In scMultiSim, we can not set nGroups directly and should set prob.group instead. For example, if we want to simulate 2 groups, we can type other_prior = list(prob.group = c(0.5, 0.5)). Note that the sum of prob.group numeric vector must equal to 1, so we can also set prob.group = c(0.3, 0.7).

The group number should be equal to that used or detected in the estimation step, otherwise the error may occur.

In addtion, if we want to simulate three or more groups, we should obey the rules:

  • The length of prob.group vector must always equal to the number of groups.
  • The sum of prob.group numeric vector must equal to 1.

For demonstration, we will simulate two groups using the learned parameters.

simulate_result <- simmethods::scMultiSim_simulation(
  parameters = estimate_result$estimate_result,
  other_prior = list(prob.group = c(0.4, 0.6)),
  return_format = "list",
  seed = 111
)
# nCells: 160
# nGenes: 4000
# nGroups: 2
# nBatches: 1
# Time spent: 0.18 mins
# Adding experimental noise...
# 50..100..150..Using atac_counts
# Time spent: 0.56 mins
col_data <- simulate_result[["simulate_result"]][["col_meta"]]
table(col_data$group)
# 
# group1 group2 
#     64     96

Simulate batches

In scMultiSim, we can set nBatches directly to simulate cell batches.

For demonstration, we will simulate two batches.

simulate_result <- simmethods::scMultiSim_simulation(
  parameters = estimate_result$estimate_result,
  other_prior = list(nBatches = 2),
  return_format = "list",
  seed = 111
)
# nCells: 160
# nGenes: 4000
# nGroups: 2
# nBatches: 2
# Time spent: 0.17 mins
# Adding experimental noise...
# 50..100..150..Using atac_counts
# Time spent: 0.55 mins
# Adding batch effects...
## cell information
col_data <- simulate_result[["simulate_result"]][["col_meta"]]
table(col_data$batch)
# 
# Batch1 Batch2 
#     82     78

Simulate cellular differential trajectory

The parameter estimation step is the same as that demonstrated above.

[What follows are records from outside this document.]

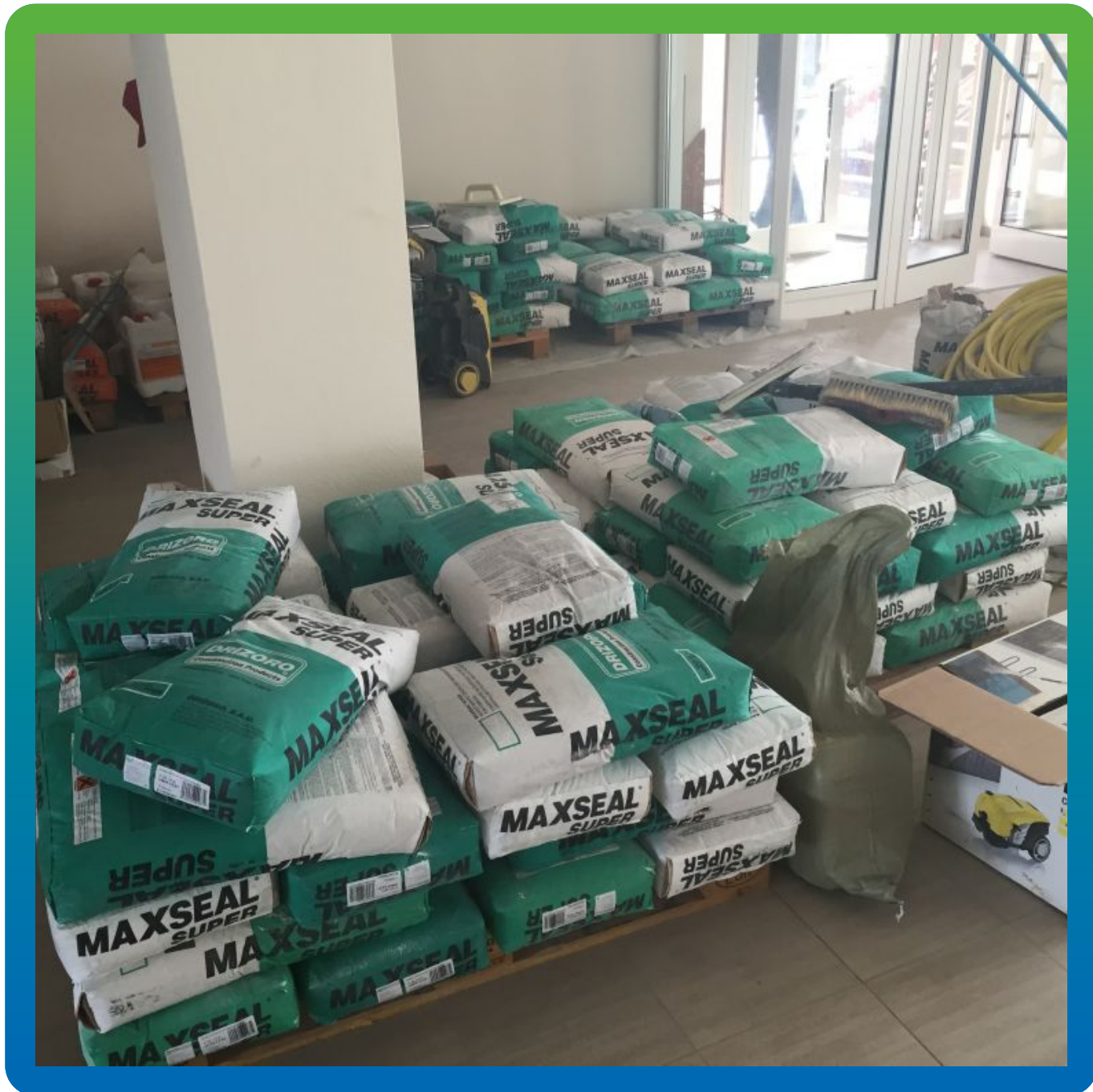
Материал на объекте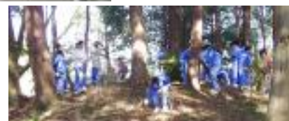
10/25(土) 北山古墳群清掃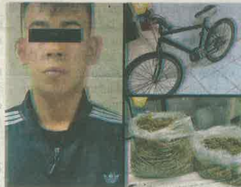
Pedaleaba cuando lo vieron con las bolsas de mota y luego, luego le cayó la ley

Ante esta situación y para descartar un hecho delictivo, los oficiales lo interceptaron y le requirieron una revisión precautoria, como lo indica el protocolo de actuación policial, resultado de la cual, al interior de las dos bolsas de plástico, se halló un aproximado de cuatro kilogramos de aparente marihuana.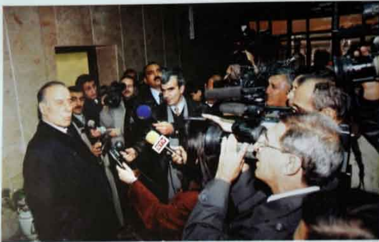
Oktyabr, 1999-cu il, Türkiyəyə səfərə gedərkən Bina hava limanında brifinq.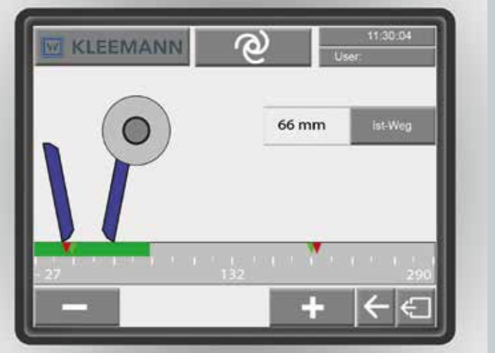
Ajuste de la machacadora desde el menú táctil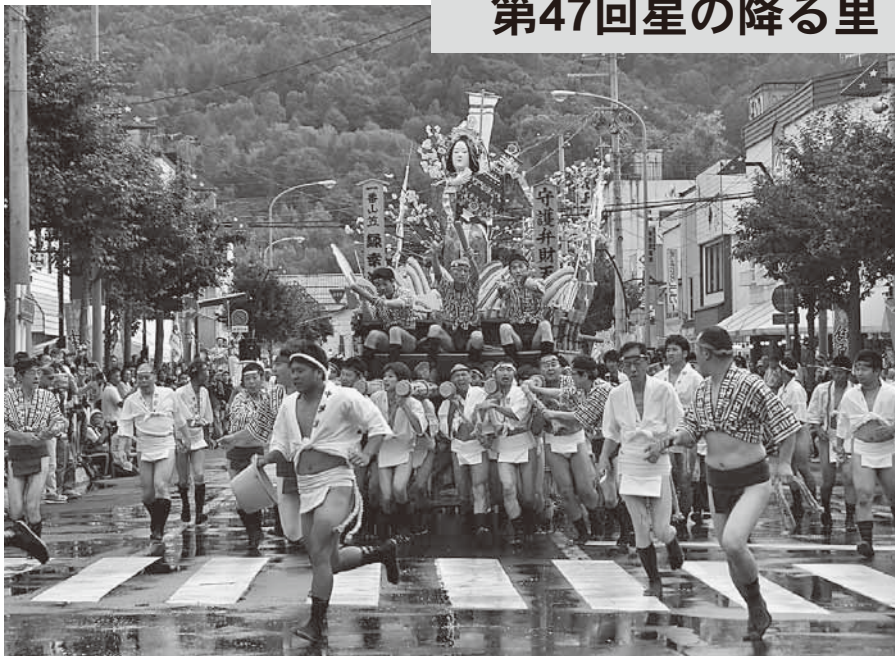
昨年に続き「一番時計」(タイムレース1位)となった「緑幸流」

7月16日と17日の2日間にわたって「星の降る里・芦別健夏まつり」が開催されました。初日は晴天に恵われましたが、2日目の午後から雨に見舞われ、残念ながら「千人踊り」は中止に。それでも、初めて行われた「さくらんぼ種飛ばし大会」などには多くの子どもたちが参加するなどにぎわいを見せました。

If you want to simulate datasets with trajectory, you should specify the parameter traj in other_prior to TRUE.

simulate_result <- simmethods::scMultiSim_simulation(
  parameters = estimate_result$estimate_result,
  other_prior = list(traj = TRUE),
  return_format = "list",
  seed = 111
)
# Simulating datasets with trajectory.../n
# nCells: 160
# nGenes: 4000
# nGroups: 2
# nBatches: 1
# Time spent: 0.16 mins
# Adding experimental noise...
# 50..100..150..Using atac_counts
# Time spent: 0.99 mins

Before visualization, Make sure that you have already installed several R packages:

if(!requireNamespace("dynwrap", quietly = TRUE)){install.packages("dynwrap")}
if(!requireNamespace("dyndimred", quietly = TRUE)){install.packages("dyndimred")}
if(!requireNamespace("dynplot", quietly = TRUE)){install.packages("dynplot")}
if(!requireNamespace("tislingshot", quietly = TRUE)){devtools::install_github("dynverse/ti_slingshot/package/")}

First we should wrap the data into a standard object:

data <- simulate_result$simulate_result$count_data
dyn_object <- dynwrap::wrap_expression(counts = t(data),
                                       expression = log2(t(data) + 1))

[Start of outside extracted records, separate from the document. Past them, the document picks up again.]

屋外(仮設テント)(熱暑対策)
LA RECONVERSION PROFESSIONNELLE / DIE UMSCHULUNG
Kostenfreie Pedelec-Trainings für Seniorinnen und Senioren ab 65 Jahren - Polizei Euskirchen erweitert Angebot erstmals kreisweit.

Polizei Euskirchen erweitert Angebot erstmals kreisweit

Next, we infer the trajectory using SlingShot which has been proved to be the most best method to do this:

model <- dynwrap::infer_trajectory(dataset = dyn_object,
                                   method = tislingshot::ti_slingshot(),
                                   parameters = NULL,
                                   give_priors = NULL,
                                   seed = 111,
                                   verbose = TRUE)
# Executing 'slingshot' on '20230903_172409__data_wrapper__Wad2hj4sH8'
# With parameters: list(cluster_method = "pam", ndim = 20L, shrink = 1L, reweight = TRUE,     reassign = TRUE, thresh = 0.001, maxit = 10L, stretch = 2L,     smoother = "smooth.spline", shrink.method = "cosine")
# inputs: expression
# priors :
# Using full covariance matrix

Finally, we can plot the trajectory after performing dimensionality reduction:

dimred <- dyndimred::dimred_umap(dyn_object$expression)
dynplot::plot_dimred(model, dimred = dimred)
# Coloring by milestone
# Using milestone_percentages from trajectory

For more details about trajectory inference and visualization, please check dynverse.